Hence the shock to the currency war system.

The Nikkei, beneficiary of the most aggressive currency warrior out there, had been up, nearly kissing the magic 21,000 at the open for the first time in a generation, but plunged 200 points in one fell swoop when the news hit. Then the Bank of Japan jumped in with its endless supply of freshly printed yen, furiously buying Japanese ETFs to stem the loss. The lunch break put a stop to all this. Then the Nikkei plunged again. Maybe the folks at the BOJ were late getting back to their trading stations. But now they’re back at work, mopping up ETFs.

“Currently, the international economic and financial conditions are very complex,” a PBOC spokesman explained. “Emerging market and commodities currencies are facing downward pressure, and we are seeing increasing volatilities in international capital flow. This complex situation is posing new challenges,” he said.

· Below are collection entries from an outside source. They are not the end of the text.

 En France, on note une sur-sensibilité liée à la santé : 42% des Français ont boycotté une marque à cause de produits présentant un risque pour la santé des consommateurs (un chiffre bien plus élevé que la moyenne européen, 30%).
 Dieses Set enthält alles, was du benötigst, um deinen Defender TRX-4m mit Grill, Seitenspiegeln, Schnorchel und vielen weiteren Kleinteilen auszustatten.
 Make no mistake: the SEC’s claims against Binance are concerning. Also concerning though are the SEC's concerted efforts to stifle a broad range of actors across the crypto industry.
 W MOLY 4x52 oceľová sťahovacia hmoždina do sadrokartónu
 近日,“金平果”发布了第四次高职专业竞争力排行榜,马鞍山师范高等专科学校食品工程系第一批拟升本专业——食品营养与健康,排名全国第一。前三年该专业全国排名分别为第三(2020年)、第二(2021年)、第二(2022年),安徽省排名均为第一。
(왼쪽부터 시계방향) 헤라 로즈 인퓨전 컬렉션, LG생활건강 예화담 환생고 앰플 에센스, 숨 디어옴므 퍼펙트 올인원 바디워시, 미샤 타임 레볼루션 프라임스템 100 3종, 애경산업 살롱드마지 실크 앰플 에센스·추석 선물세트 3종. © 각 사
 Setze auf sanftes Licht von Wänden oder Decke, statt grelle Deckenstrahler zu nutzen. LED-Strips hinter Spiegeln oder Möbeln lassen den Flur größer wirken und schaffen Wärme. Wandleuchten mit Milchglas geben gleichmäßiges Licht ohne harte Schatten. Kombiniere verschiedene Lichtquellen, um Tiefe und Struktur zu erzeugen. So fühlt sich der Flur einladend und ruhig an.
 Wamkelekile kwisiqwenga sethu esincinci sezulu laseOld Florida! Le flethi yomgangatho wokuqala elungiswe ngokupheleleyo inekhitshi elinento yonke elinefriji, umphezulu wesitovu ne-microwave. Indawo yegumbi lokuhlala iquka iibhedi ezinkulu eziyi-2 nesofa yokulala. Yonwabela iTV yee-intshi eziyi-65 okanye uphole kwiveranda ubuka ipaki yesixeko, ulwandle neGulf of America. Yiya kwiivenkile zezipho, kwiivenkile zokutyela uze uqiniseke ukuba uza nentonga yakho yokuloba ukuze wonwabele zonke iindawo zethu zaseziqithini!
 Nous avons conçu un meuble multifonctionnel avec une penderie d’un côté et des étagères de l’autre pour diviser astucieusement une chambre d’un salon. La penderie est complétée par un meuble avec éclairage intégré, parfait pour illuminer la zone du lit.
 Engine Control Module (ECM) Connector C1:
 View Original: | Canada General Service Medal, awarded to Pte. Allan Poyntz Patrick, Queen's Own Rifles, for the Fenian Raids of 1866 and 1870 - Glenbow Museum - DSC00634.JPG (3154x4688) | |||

The yuan’s “relatively strong” exchange rate was “not entirely consistent with market expectation,” he said in perfect central-bank speak. “Therefore, it is a good time to improve quotation of the RMB central parity to make it more consistent with the needs of market development.” So he said, “Today’s central parity depreciated by about 200 bps. The market still needs some time to adapt.”

Meanwhile, the PBOC would “monitor the market condition closely, stabilizing the market expectation, and ensuring the improvement of the formation mechanism of the RMB central parity in an orderly manner.” Certainly, the market would not be allowed to do anything on its own.

And the devaluation is “a one-time correction,” he added, which everyone believed instantly.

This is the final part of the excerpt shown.